As Training Officers, I hope you will often mentally review The Army. Consider for yourselves what it is, what it is doing, what it may yet do. I want you to take a frequent survey of the whole Field with the thought in mind that it is a vast opportunity for the people we are training to declare their message. In the early days of Christianity, and in those dark periods which we speak of as the Middle Ages, the opportunity for ordinary people to deliver a message was very restricted. Even to-day many devoted people, nearly as enthusiastic as we are, have given their lives to work for God in existing societies and churches, only to find before them what may almost be likened to a stone wall. There is no doubt that much that is done by many societies to train workers is lost because directly those workers go out into the world they find themselves restricted to a very limited sphere and in many important respects sadly lacking in opportunity for practical work.

The Pioneers
Now, beyond all question, The Salvation Army has made for its own messengers an unparalleled opportunity. Many things have contributed to that. First and foremost, the life, example, and testimony of our Founders. They went on ahead! They forced the door! I do not think anyone will ever be able fully to comprehend what it meant to my dear mother to take the stand she did in regard to Women's Ministry. It was in very truth a forcing of the door in the face of obloquy, bitter misrepresentation, and accusations even of immodesty and loose living. She faced all that; she determined that a platform should be found, and a door opened for woman, and she really did open the way for women to come to the front for Christ.

Aspects of the Army
Then think of the opportunity arising from what The Salvation Army already is. There are about 14 000 Corps and Societies, besides other Agencies operating among the people. Each is a centre of specific organised effort. Each has certain recognised opportunities, Senior and Junior. Some are small centres, helping comparatively few people, others are large and powerful, influencing multitudes. All of them, especially the smaller, offer a valuable opportunity for these young messengers to exercise their powers. About 150 000 separate indoor Meetings are held each week. Some millions of souls are reached weekly in the streets and open spaces with a message, and, with comparatively little extra effort, many more could be reached. Occasional efforts through the Press and in special campaigns probably influence millions more.

Think also of the opportunity already existing in the Social Work. The Social Work is a distinct undertaking, and part of the opportunity of which I am speaking lies in this work, with its boundless openings for development through upwards of 1500 centres of one kind and another, influencing and re-making men and women throughout the world.

Another branch of the existing opportunity lies in our papers and books. We need writers and translators. Books have not yet gone as far with us as they will go. Our people are becoming more inclined to read than formerly, and we are in a better position now with regard to translating and to publishing translated works. Leaving the books aside, our periodical publications, now numbering over one hundred in the different languages, present a wonderful opportunity.
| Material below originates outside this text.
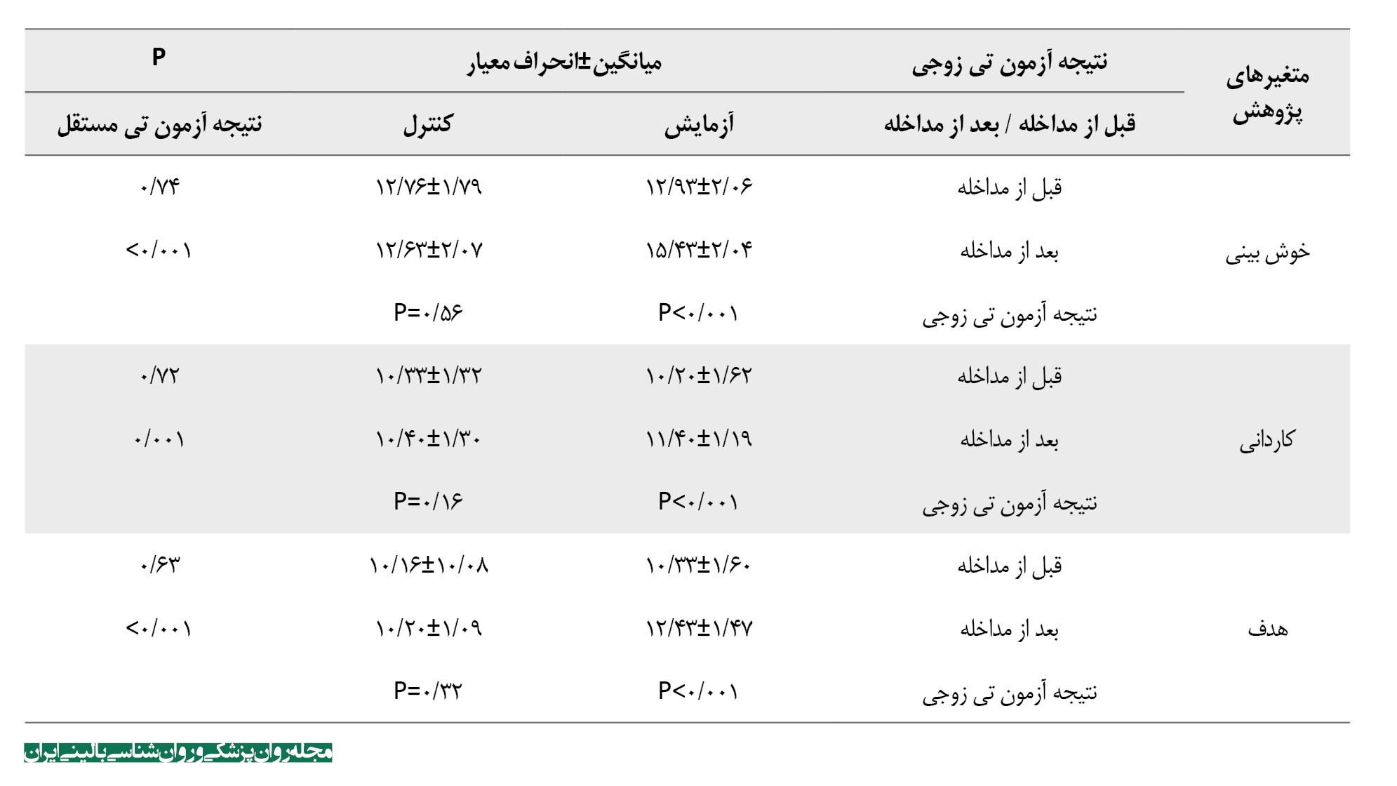 فرض توزیع نرمال بودن نشخوار فکری و تابآوری و حیطههای آنها برقرار بود (05/P>0). مقایسه نشخوار فکری و تابآوری، بین دو گروه قبل از مداخله نشان داد بین میانگین امتیاز کلیه حیطهها، براساس نتایج آزمون تی مستقل اختلاف معنادار آماری وجود نداشته و دو گروه همگن بودند (05/P>0). مقایسه نشخوار فکری 1 ماه بعد از مداخله نشان داد میانگین و انحرافمعیار نمره نشخوار فکری در گروه آزمایش 43/73±8/25 و در گروه کنترل 54/23±6/86 بوده که آزمون تی مستقل این تفاوت را معنادار نشان داد (001/P<0). همچنین نمره تابآوری 1 ماه بعد از مداخله در گروه آزمایش به 53/53±2/38 و در گروه کنترل به 45/01±3/98 رسید که ازنظر آماری این اختلاف معنادار بود (001/P<0) (

They enlarge the change which presents itself to those who want to find their life's work in The Army.

Again, I do not think many of us realise that – though we have never deliberately planned to do that work – The Army is conducting about a thousand schools, mostly day schools, attended by approximately 50 000 children. Many of these children, probably half of them, come from the homes of the heathen. There are other opportunities to which I need hardly refer. This is our existing platform, or part of it. It is like an area of ground, taken from the wilderness and cultivated, to show to all who care to look what can be done with the barren wastes around.
Supposing, which God forbid, by some strange aberration we were to stop where we were and add nothing more to our fighting front, would not the provision of agents to carry on merely the existing work be in itself a stupendous undertaking? Suppose there could be no more Corps or Posts established, either in the Field or Social Work, yet even then the provision of more effective men and women, more really adequate Officers, would tremendously increase and strengthen the existing Corps and Posts. If, now, any 1000 Corps may represent 50 000 Soldiers, there is no doubt that with more effective Officers that same 1000 Corps could be made to represent five times as many Soldiers. If, therefore, our limits of expansion were already prescribed, and we had only to devote ourselves to holding fast what we have, the task of raising up agents equal to the opportunity would still be tremendous.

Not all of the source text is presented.